Namun semua itu tidak kita temukan ketika Khilafah sebagai perisai pelindung (junnah) ummat diruntuhkan. Tak hanya Palestina, juga Suriah, Rohingya, Uyghur, dan kaum muslimin di belahan bumi yang lain menangis tanpa tahu hendak mengadu pada siapa. Pantaslah jika Rasulullah saw menyebut pemimpin atau Khalifah itu sebagai perisai.
" Sesungguhnya imam (pemimpin) itu ibarat perisai. Orang-orang berperang di belakangnya, dan berlindung padanya. " (Muttafaq alaih)

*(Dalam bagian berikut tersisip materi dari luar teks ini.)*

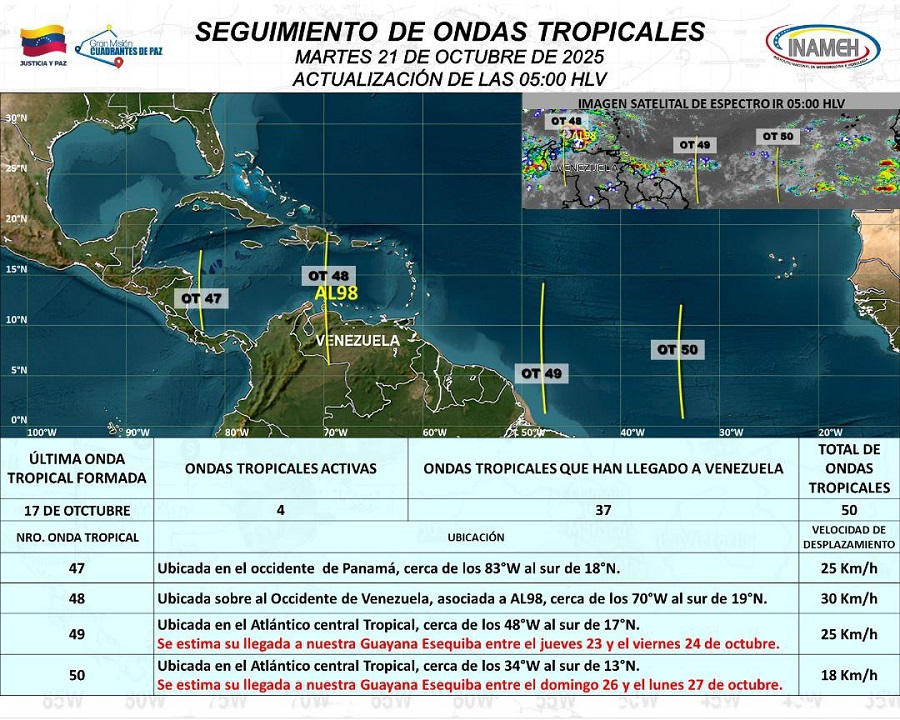 El Instituto Nacional de Meteorología e Hidrología (Inameh) prevé para este martes 21 de octubre nubosidad y luvias de intensidad variable en varias gran parte del país ante el paso de la onda tropical Nro. 48 por el territorio nacional.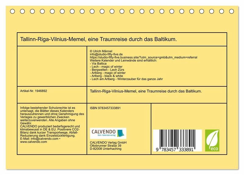 QUALITÄT - Hochwertiger Fotokalender mit 12 wunderschönen Motiven auf lichtbeständigem Bilderdruckpapier, robuste Spiralbindung.NACHHALTIG - deutliche Abfallreduzierung durch bedarfsgerechte Einzelstückfertigung, umweltfreundliches FSC-zertifiziertes Papier, Produktion in Deutschland, klimabewusste Logistik.PERFEKTES GESCHENK - Kalender für Freunde und Familie, für Kinder und Erwachsene, jung und alt, zu Weihnachten, Geburtstag oder zwischendurch.VIELFALT - Bildkalender in verschiedenen Formaten, z.B. DIN A5, DIN A4, DIN A3 sowie DIN A2. Ob Naturmotiv, Gemälde oder Fotos, ideal für ein persönliches Wohlfühlambiente.Baltikum, ist eine einzigartige, wunderschöne, alte und durch Geschichte geprägte Landschaft mit den Ländern Estland, Lettland und Litauen. von Autor(in): studio-fifty-five

Kata junnah digunakan oleh Rasulullah saw dalam hadits lain untuk menganalogikan ibadah puasa. Puasa adalah perisai bagi individu muslim, dan pemimpin –yang menyatukan dan melindungi- adalah perisai bagi ummat Islam seluruhnya.
Sebagai ummat yang satu, kita tentu membutuhkan keduanya agar terwujud apa yang Allah firmankan tentang ummat terbaik bagi seluruh manusia. Moment Ramadhan ini menjadi sangat relevan bagi kita untuk mengevaluasi kondisi ini. Perisai individu kita mungkin ada dan berfungsi, tapi bagaimana dengan perisai ummat?
Sebagaimana kemenangan pasukan kaum muslimin pada Perang Hittin untuk merebut kembali Yerussalem terjadi pada bulan Ramadhan, semangat itu harus kita cerap. Bulan Ramadhan adalah bulan penuh kemuliaan dan kebaikan.
Mari jadikan bulan ini sebagai moment perjuangan untuk mengembalikan semua kebaikan dan kemuliaan ummat ini. Mari jadikan Ramadhan ini sebagai Ramadhan terakhir kita menyaksikan penderitaan saudara-saudara kita di Palestina, dan di negeri-negeri yang lain. Mari wujudkan perisai sejati pelindung ummat; Khilafah Islamiyyah.